Visit Dianne Harmen's blog here: http://dianneharman.com/blog/

A LEAP OF FAITH!

They’re Leaving the Nest — A Leap of Faith

Who doesn’t love springtime? No matter what our age, we feel a sense of renewal. The trees are heavy with fruit, the wisteria is brilliant on the patio, the garden is a riot of color, the butterflies are on the milkweed and the hummingbirds have laid their eggs.

Therein is the problem. This year, we have two hummingbird nests, one directly outside my office window on the second floor and one just beyond the side patio on the first floor. The nests are a work of art and the comings and goings of the mommas distract me when I should be writing, but how many times do you have a front row seat to watch a miracle taking place right in front of you?

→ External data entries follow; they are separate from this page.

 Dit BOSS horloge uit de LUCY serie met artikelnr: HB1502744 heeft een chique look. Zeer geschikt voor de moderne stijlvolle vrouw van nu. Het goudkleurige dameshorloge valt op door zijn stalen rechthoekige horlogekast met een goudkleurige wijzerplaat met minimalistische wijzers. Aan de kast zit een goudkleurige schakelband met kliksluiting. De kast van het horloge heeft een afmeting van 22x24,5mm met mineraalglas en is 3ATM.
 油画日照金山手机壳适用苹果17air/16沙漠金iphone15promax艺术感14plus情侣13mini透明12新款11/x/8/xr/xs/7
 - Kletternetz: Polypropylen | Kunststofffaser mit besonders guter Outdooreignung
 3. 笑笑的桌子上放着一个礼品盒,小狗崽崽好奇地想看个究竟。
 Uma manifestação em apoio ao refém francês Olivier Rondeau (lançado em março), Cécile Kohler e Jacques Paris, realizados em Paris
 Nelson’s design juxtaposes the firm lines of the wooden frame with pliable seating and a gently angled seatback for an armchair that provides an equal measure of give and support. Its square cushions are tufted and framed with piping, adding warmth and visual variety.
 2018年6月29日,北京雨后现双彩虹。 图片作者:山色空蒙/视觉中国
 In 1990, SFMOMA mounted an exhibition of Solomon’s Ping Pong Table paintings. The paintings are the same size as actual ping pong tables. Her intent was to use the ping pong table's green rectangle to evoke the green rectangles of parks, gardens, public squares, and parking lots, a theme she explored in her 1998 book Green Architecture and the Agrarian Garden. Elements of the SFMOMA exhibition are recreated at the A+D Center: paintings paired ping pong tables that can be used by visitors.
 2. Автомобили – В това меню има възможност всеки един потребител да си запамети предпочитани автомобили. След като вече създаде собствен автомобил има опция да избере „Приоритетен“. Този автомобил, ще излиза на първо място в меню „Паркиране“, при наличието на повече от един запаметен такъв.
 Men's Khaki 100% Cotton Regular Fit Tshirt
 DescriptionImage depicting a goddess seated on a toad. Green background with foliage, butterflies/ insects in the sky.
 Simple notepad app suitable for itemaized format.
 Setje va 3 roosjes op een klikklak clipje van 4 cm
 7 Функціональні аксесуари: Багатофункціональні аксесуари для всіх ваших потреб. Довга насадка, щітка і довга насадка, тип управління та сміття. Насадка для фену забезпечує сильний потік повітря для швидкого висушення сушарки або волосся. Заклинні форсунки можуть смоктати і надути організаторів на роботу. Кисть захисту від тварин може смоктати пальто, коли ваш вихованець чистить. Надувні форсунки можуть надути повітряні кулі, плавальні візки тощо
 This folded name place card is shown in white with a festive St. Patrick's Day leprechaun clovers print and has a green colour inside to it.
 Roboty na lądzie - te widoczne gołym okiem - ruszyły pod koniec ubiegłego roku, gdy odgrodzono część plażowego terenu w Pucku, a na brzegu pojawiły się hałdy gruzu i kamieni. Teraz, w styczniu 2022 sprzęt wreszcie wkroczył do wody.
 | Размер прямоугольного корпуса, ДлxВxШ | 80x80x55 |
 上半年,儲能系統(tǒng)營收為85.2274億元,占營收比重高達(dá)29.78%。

I’ve been very concerned about one of the hummingbird mommas. I think I’m witnessing a bad hummingbird mother and I don’t think there’s a 12-step group for help or a place I can report her. I’ve never heard of the “Bad Hummingbird Mothers Self-Help Group!”

The silken nest outside my office window was the home a year ago for two eggs which later hatched and became beautiful hummingbirds. I watched by the hour as momma gathered nectar and fed her babies. I watched them grow and held my breath the first time they flapped their tiny little wings. I freely admit it; I cried when they left. I can only imagine what the world must look like to a baby hummingbird perched on the edge of its nest, read to spread its wings for its first flight. That momma watched them as they took their first tentative flight and then flew to where they were. Talk about a leap of faith! I wonder if momma hummingbird felt like I did, that those babies were just too young to be out in the world on their own.

I was surprised when I looked out the window about a month ago and noticed there were two perfect little hummingbird eggs in last year’s nest. I thought hummingbirds always constructed new nests each year, but when I went to the Internet — and who doesn’t go there when information is needed? — it said in some cases, the momma or her babies may return to the nest from the year before to lay their eggs. Who knew? However, this year I became concerned because I never saw momma on the nest. I know she had to be there or they wouldn’t have hatched. No doubt about it, momma from last year was a much better mother. I never saw this year’s momma feed her birds, but I know she had to or they wouldn’t have been able to fly away. And I was there when they flew away, she wasn’t.

The nest near our patio is a little more difficult to see because I have to look up, not out, to see it. That nest’s momma is a good one. Every time I’ve been there she’s been on the nest. While I can’t see directly into it without getting a ladder and I’m afraid it might disturb her, enough time has gone by that the eggs should be hatching any day now. The other afternoon, I took a friend out to see the nest and momma hummingbird was on the nest as usual. Momma always stays on the nest when just one person is under it, but this time she flew to an upper branch and sat, watching us. I feel certain she was protecting her soon-to-be babies. She’s a good momma.

I’d like to think we mommas of all species share something in common: We watch out for our hatchlings. I worried when our children first drove. Now I wonder if momma hummingbird worries when her babies are flying around. You know I’ll be eagerly looking out my office window next year to see if any of them return to the nest to lay their eggs. I hope it’s a good momma. I’m pretty disappointed with this year’s upstairs momma.

Ahh nature. What a miracle!


BOOK COVERS – ARE YOU GOING FOR ART OR SALES?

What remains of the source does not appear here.